Typical causes of heavy menstrual bleeding include uterine fibroids, which are benign uterine tumors. Fibroid tumors may cause excessive or prolonged bleeding and may be accompanied by abdominal cramps and backache. In addition, hormonal imbalances may cause the lining of the uterus to thicken. When this occurs, shedding of the lining may cause heavy menstrual bleeding. Sometimes uterine polyps may cause abnormal menstrual bleeding. These occur most often because of elevated hormone levels.

Frequently, medications can contribute to heavy menstrual bleeding. Medications such as aspirin or anticoagulants can thin the blood, contributing to heavy menstrual blood flow. Heavy bleeding may also signal a complication of pregnancy. Rarely, ectopic pregnancies can cause heavy menstrual bleeding. In addition, certain bleeding disorders that do not allow the blood to clot properly may promote menorrhagia.
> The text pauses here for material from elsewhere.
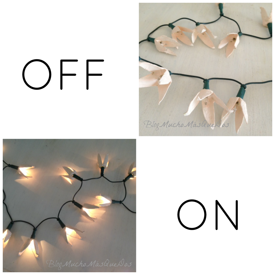 Perforas con cuidado y colocas cada flor en cada luz... ¡Y Listo!
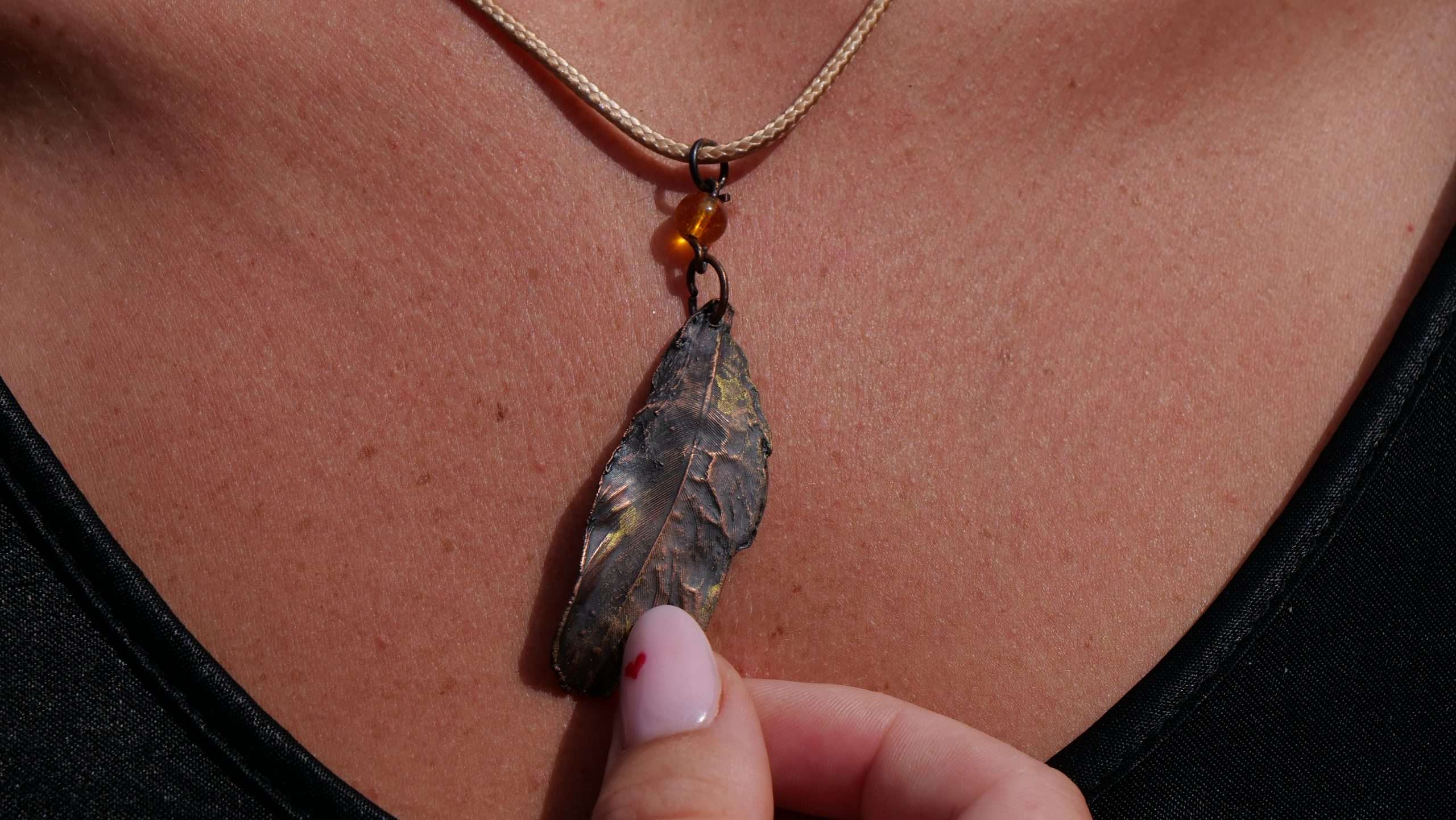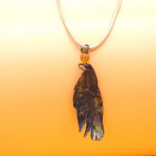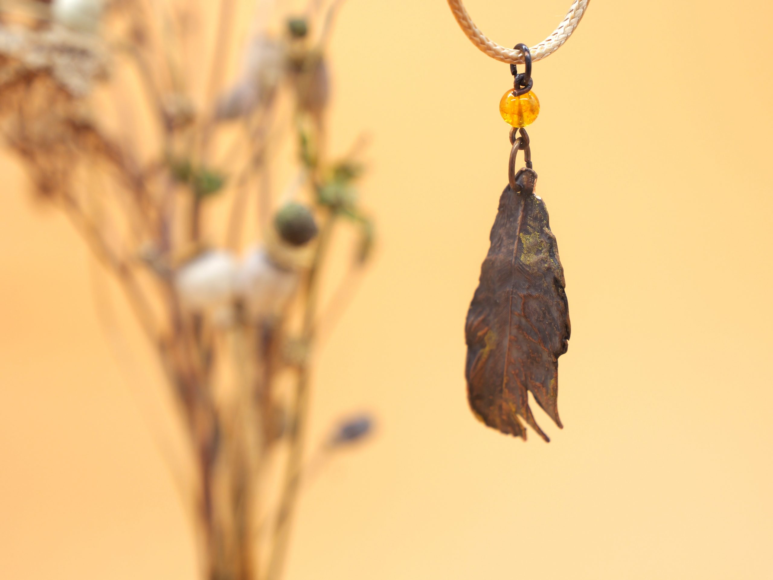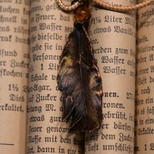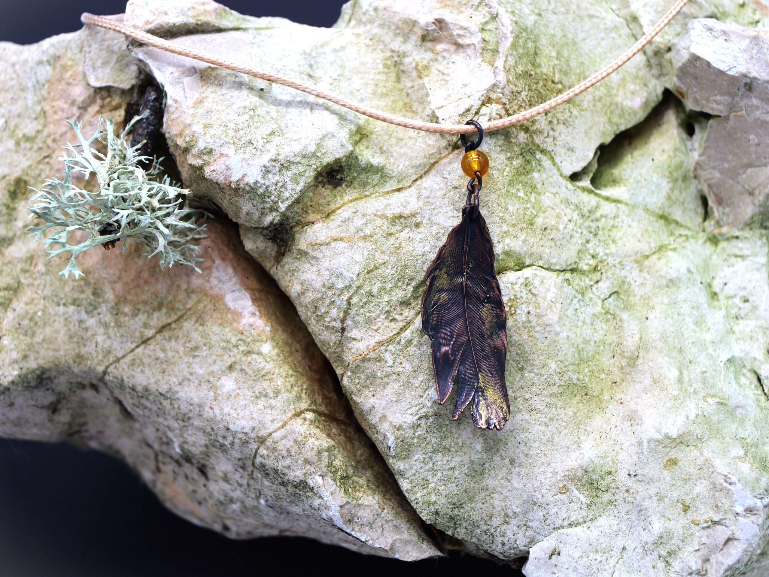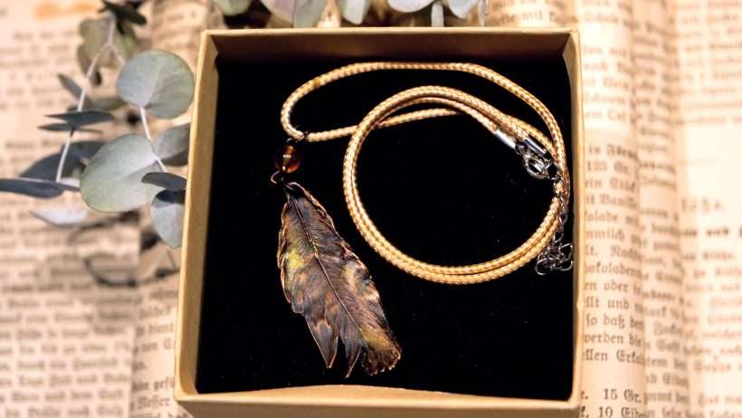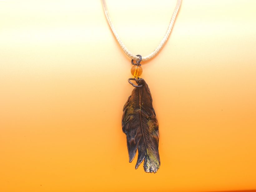 In edlem Kupfer erhaltene und farblich in dezenten Farben abgerundete Feder als Halsanhänger für den Ausdruck eigener Einzigartigkeit. Eine Wiederholung gibt es nicht…genauso wie in der Natur.

It is very important to get a physical examination that includes a pap smear and a pelvic examination to determine the cause of heavy menstrual bleeding. Sometimes excessive blood loss during the menstrual period may be related to uterine, cervical or ovarian cancer. Blood loss can sometimes be so great that the patient may become severely anemic. When severe anemia occurs, the patient may experience extreme fatigue, dizziness and heart palpitations.

Generally, during a physical examination, the physician will inquire about past and present illnesses, medications and family history. In addition, the patient may undergo further testing, such as blood tests and thyroid tests. A diagnosis of hypothyroidism can frequently cause heavy bleeding during menstrual periods. In addition to blood tests, other diagnostic tests may include a pelvic ultrasound and an endometrial biopsy.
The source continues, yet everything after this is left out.